Remme W J, Kruyssen D A, Look M P, Bootsma M, de Leeuw P W
Zuiderziekenhuis and Sticares Cardiovascular Research Foundation, Rotterdam, The Netherlands.
J Am Coll Cardiol. 1994 Jan;23(1):82-91. doi: 10.1016/0735-1097(94)90505-3.
The purpose of this study was to assess the effect of different degrees of ischemia on circulating and cardiac neurohormones and vasotone.
Neuroendocrine activation and subsequent systemic vasoconstriction may complicate ischemia. Whether this relates to severity of ischemia and subsequent cardiac dysfunction, and whether neurohormonal balance in the ischemic area changes, is unknown.
Fifty-six normotensive patients with coronary artery disease were evaluated during incremental atrial pacing. On the basis of ST segment changes, patients were classified in a nonischemic (n = 11) or ischemic group (n = 45), the latter patients were subsequently classified as lactate (n = 28) or nonlactate (n = 17) producing, to identify neurohormonal changes in the effluent of the ischemic myocardium.
Angina occurred in 55%, 82% and 82% of patients in the nonischemic, lactate- and nonlactate-producing groups, respectively. Baseline hemodynamic variables and neurohormones were comparable in all groups, as were heart rate, rate-pressure product and coronary hemodynamic variables during pacing. In lactate producers, contractility did not improve, relaxation deteriorated, left ventricular filling pressure increased and cardiac output decreased during pacing, indicating more severe ischemia compared with that in nonlactate producers. Neurohormones did not change in the nonischemic group.
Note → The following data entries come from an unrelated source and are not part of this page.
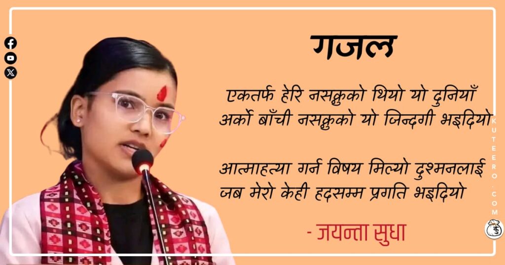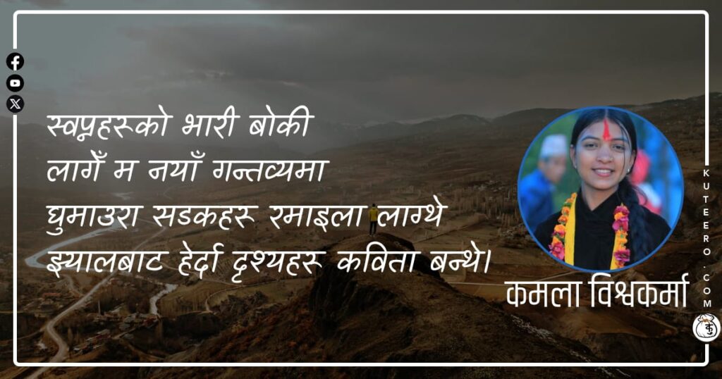 जब यात्रा तय गरियोबिसाएर घरको आँगन,चढेँ म गाडीमास्वप्नहरूको भारी बोकीलागेँ म नयाँ गन्तव्यममा घुमाउरा सडकहरू रमाइला लाग्थेझ्यालबाट हेर्दा दृश्यहरू कविता बन्थे।हावा परेड खेल्थ्यो मेरो कपालसँगकहिले सिरक झैँ ढाक्थ्यो मेरो अनुहारकहिले गीत गाएर हावाको संगीतमासास फेर्न सजिलो बनाउँथ्यो।कुनैकुनै मोडमा मन डराउँथ्यो पनि,जहाँ शरीरलाई असहज बनाउथ्योबटुवाहरूको भिडमा हराउँछु कि भनी।टायरको घर्षणमालुकेका थिए स्वरहरूएक्लोपन, उत्साह,र भविष्यका रहरहरूचालकको अनुहारमाजीवनको […]
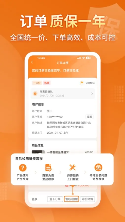-【服务守护】客服7*15小时在线,师傅全天待命,不论下单找师傅或售后难题,平台都以最快速度响应服务。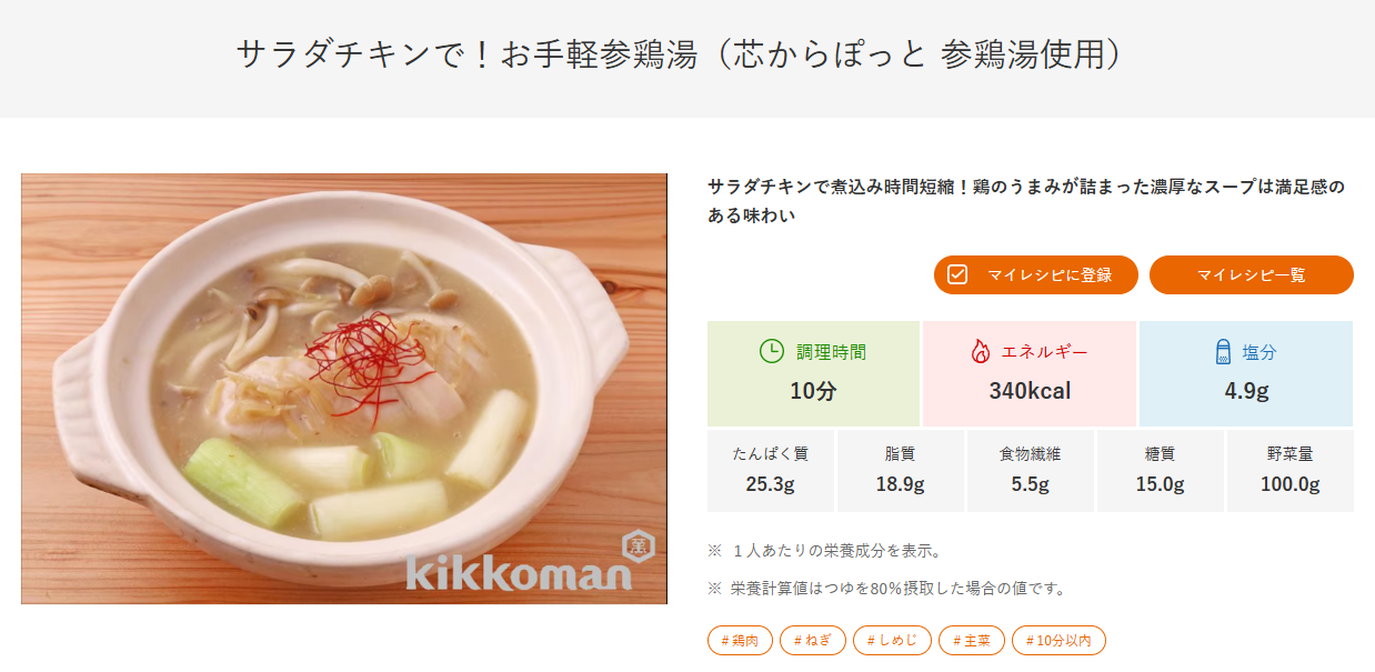 サラダチキンで!お手軽参鶏湯(芯からぽっと 参鶏湯使用)

In contrast, arterial and coronary venous catecholamines increased significantly more in lactate producers than in nonlactate producers (arterial norepinephrine by 68% vs. 36%, respectively). Moreover, arterial angiotensin II increased in lactate producers from a baseline mean +/- SEM of 6.8 +/- 0.9 to 9.7 +/- 1.6 pmol/liter (p < 0.05), accompanied by a sustained 23% increase in systemic resistance and arterial pressures. In lactate producers, baseline net cardiac norepinephrine release changed to net uptake during pacing (-0.05 +/- 0.02 vs. 0.06 +/- 0.05 nmol/min, p < 0.05). Epinephrine uptake increased in all patients with ischemia, albeit more in lactate producers.
Circulating catecholamines and renin-angiotensin levels are activated, and systemic vasotone is increased in relation to the degree of ischemia. Cardiac epinephrine uptake increases, whereas net baseline norepinephrine release from the ischemic myocardium changes to net uptake. Modulation of this neurohormonal activation may provide an alternative mode to limit ischemia.
本研究旨在评估不同程度的缺血对循环和心脏神经激素及血管张力的影响。
神经内分泌激活及随后的全身血管收缩可能使缺血情况复杂化。这是否与缺血严重程度及随后的心脏功能障碍相关,以及缺血区域的神经激素平衡是否改变,目前尚不清楚。
对56例血压正常的冠心病患者在递增心房起搏期间进行评估。根据ST段变化,将患者分为非缺血组(n = 11)或缺血组(n = 45),后者随后又分为产乳酸组(n = 28)和非产乳酸组(n = 17),以确定缺血心肌流出液中的神经激素变化。
非缺血组、产乳酸组和非产乳酸组患者的心绞痛发生率分别为55%、82%和82%。所有组的基线血流动力学变量和神经激素水平相当,起搏期间的心率、心率 - 压力乘积和冠状动脉血流动力学变量也相当。在产乳酸组患者中,起搏期间心肌收缩力未改善,舒张功能恶化,左心室充盈压升高,心输出量降低,表明与非产乳酸组相比缺血更严重。非缺血组的神经激素未发生变化。相比之下,产乳酸组的动脉和冠状动脉静脉儿茶酚胺增加幅度显著大于非产乳酸组(动脉去甲肾上腺素分别增加68%和36%)。此外,产乳酸组的动脉血管紧张素II从基线平均±标准误6.8±0.9 pmol/升增至9.7±1.6 pmol/升(p < 0.05),同时全身阻力和动脉压持续升高23%。在产乳酸组患者中,起搏期间基线心脏去甲肾上腺素净释放变为净摄取(-0.05±0.02对0.06±0.05 nmol/分钟,p < 0.05)。所有缺血患者的肾上腺素摄取均增加,产乳酸组增加更多。
循环儿茶酚胺和肾素 - 血管紧张素水平被激活,全身血管张力随缺血程度增加。心脏肾上腺素摄取增加,而缺血心肌的基线去甲肾上腺素净释放变为净摄取。调节这种神经激素激活可能提供一种限制缺血的替代方式。